Protein Analysis and Antibodies—Protein concentrations were determined using the bicinchoninic acid assay kit (BCA-1, Sigma). Analysis of proteins on SDS-PAGE was according to Fisher et al. (15). Protein extraction in phenol and analysis by isoelectric focusing two-dimensional PAGE was according to Liska et al. (16). Proteolytic cleavage of Tidi by V8 protease and separation of peptides was as described previously (17). Mass spectrometry analysis of protein samples was performed at the mass spectrometry service units at the Hebrew University in Israel.
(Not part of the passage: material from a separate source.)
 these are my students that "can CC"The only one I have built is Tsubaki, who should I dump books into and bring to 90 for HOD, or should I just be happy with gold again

Polyclonal antibodies against Tidi protein were prepared in rabbits by excising the protein band from polyacrylamide gels and mixing with Freund's adjuvant. Antibodies against a keyhole limpet hemocyanin-coupled synthetic peptide P31 (PEPKKGSAFKGY, amino acids 88-99; see Fig. 4) were prepared similarly and subsequently purified on a Sepharose-P31 affinity column. Antibodies against PsaD, PsaE, PsaF, PsaG, PsaH, and ribulose-bisphosphate carboxylase/oxygenase were a gift from Prof. Rachel Nechushtai at the Hebrew University in Israel. Antibodies against D1 and PsaA/B were a gift from Prof. Meir Edelman at the Weizmann Institute of Science in Israel. Antibodies against light-harvesting proteins Lhca3, 17.2, and LHC-II were a gift from Prof. Michael Hippler at the Friedrich-Schiller University of Jena, Germany. Immunolocalization was done according to Ref. 15.
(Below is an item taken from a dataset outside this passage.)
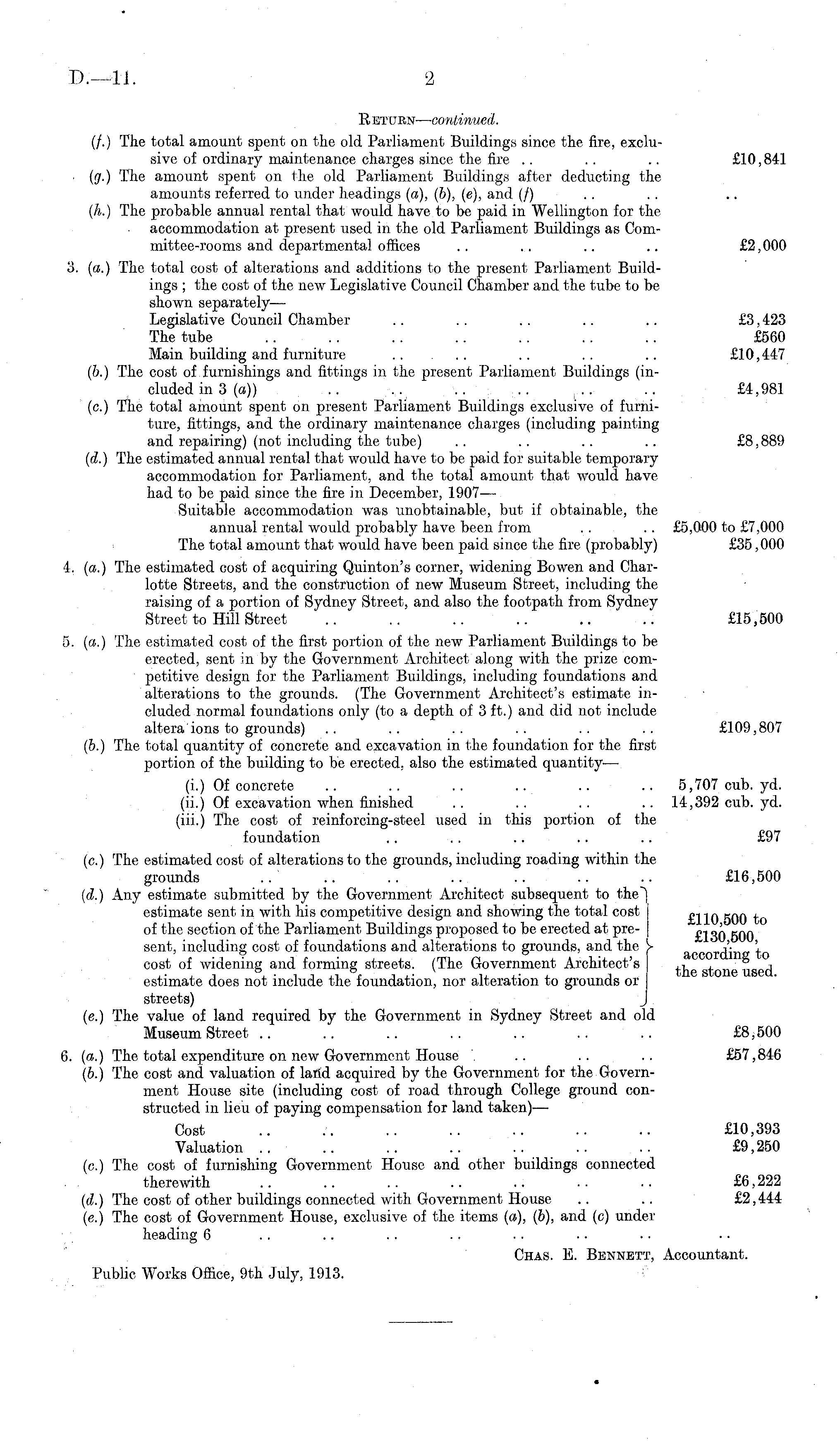 Return — continued. (/.) The total amount spent on the old Parliament Buildings since the fire, exclusive of ordinary maintenance charges since the fire .. .. .. £10,841 (g.) The amount spent on the old Parliament Buildings after deducting the amounts referred to under headings (a), (b), (c), and (/) (h.) The probable annual rental that would have to be paid in Wellington for the accommodation at present used in the old Parliament Buildings as Com-mittee-rooms and departmental offices .. .. .. .. £2,000 3. (as.) The total cost of alterations and additions to the present Parliament Buildings ; the cost of the new Legislative Council Chamber and the tube to be shown separately— Legislative Council Chamber .. .. .. .. .. £3,423 The tube .. .. .. .. .. .. .. £560 Main building and furniture .. .. .. £10,447 (b.) The cost of furnishings and fittings in the present Parliament Buildings (included in 3 (a)) .. '.. .... r . .. £4,981 (c.) The total amount spent on present Parliament Buildings exclusive of furniture, fittings, and the ordinary maintenance charges (including painting and repairing) (not including the tube) . . .. .. .. £8,889 (d.) The estimated annual rental that would have to be paid for suitable temporary accommodation for Parliament, and the total amount that would have had to be paid since the fire in December, 1907 — Suitable accommodation was unobtainable, but if obtainable, the annual rental would probably have been from .. . . £5,000 to £7,000 The total amount that would have been paid since the fire (probably) £35,000 4. (a.) The estimated cost of acquiring Quinton's corner, widening Bo wen and Charlotte Streets, and the construction of new Museum Street, including the raising of a portion of Sydney Street, and also the footpath from Sydney Street to Hill Street .. .. .. .. .. .. £15,500 5. (a.) The estimated cost of the first portion of the new Parliament Buildings to be erected, sent in by the Government Architect along with the prize competitive design for the Parliament Buildings, including foundations and alterations to the grounds. (The Government Architect's estimate included normal foundations only (to a depth of 3 ft.) and did not include altera ions to grounds) .. .. .. .. .. .. £109,807 (6.) The total quantity of concrete and excavation in the foundation for the first portion of the building to be erected, also the estimated quantity-— (i.) Of concrete .. .. .. .. .. .. 5,707 cub. yd. (ii.) Of excavation when finished .. .. .. .. 14,392 cub. yd. (iii.) The cost of reinforcing-steel used in this portion of the foundation .. .. .. .. .. £97 (c.) The estimated cost of alterations to the grounds, including roading within the grounds .. .. .. .. .. .. .. £16,500 (d.) Any estimate submitted by the Government Architect subsequent to the" estimate sent in with his competitive design and showing the total cost piin WO f of the section of the Parliament Buildings proposed to be erected at pre- „, „» -„„ sent, including cost of foundations and alterations to grounds, and the rd'inp 't cost of widening and forming streets. (The Government Architect's ~ , a estimate does not include the foundation, nor alteration to grounds or streets) J (c.) The value of land required by the Government in Sydney Street and old Museum Street .. .. .. .. .. .. .. £8,500 6. (a.) The total expenditure on new Government House '. .. .. .. £57,846 (b.) The cost and valuation of land acquired by the Government for the Government House site (including cost of road through College ground constructed in lieu of paying compensation for land taken) — Cost .. .. .. .. .. .. .. £10,393 Valuation .. .. .. .. .. .. .. £9,250 (c.) The cost of furnishing Government House and other buildings connected therewith .. £6,222 (d.) The cost of other buildings connected with Government House .. .. £2,444 (c.) The cost of Government House, exclusive of the items (a), (b), and (c) under heading 6 Chas. E. Bennett, Accountant. Public Works Office, 9th July, 1913.

Preparation of Thylakoid Membranes from D. salina—Cultures containing 2-3 x 10⁶ cell/ml were filtered through Miracloth®, and cells were washed and osmotically lysed essentially as described earlier (18). Briefly, cells were washed in an isoosmotic glycerol buffer and osmotically lysed by a 3-fold dilution. Thylakoid membranes were collected by centrifugation (15 min at 4,000 x g at 4 °C) and further purified by centrifugation (12,000 x g, 20 min 4 °C) on a 0-25% Percoll gradient in suspension buffer (0.4 M glycerol, 10 mM Tris-MOPS, pH 7.2, 10 mM KCl, 2 mM MgCl₂ plus protease inhibitors). The upper green band was collected and washed twice with glycerol buffer, and aliquots were stored in liquid nitrogen until further use.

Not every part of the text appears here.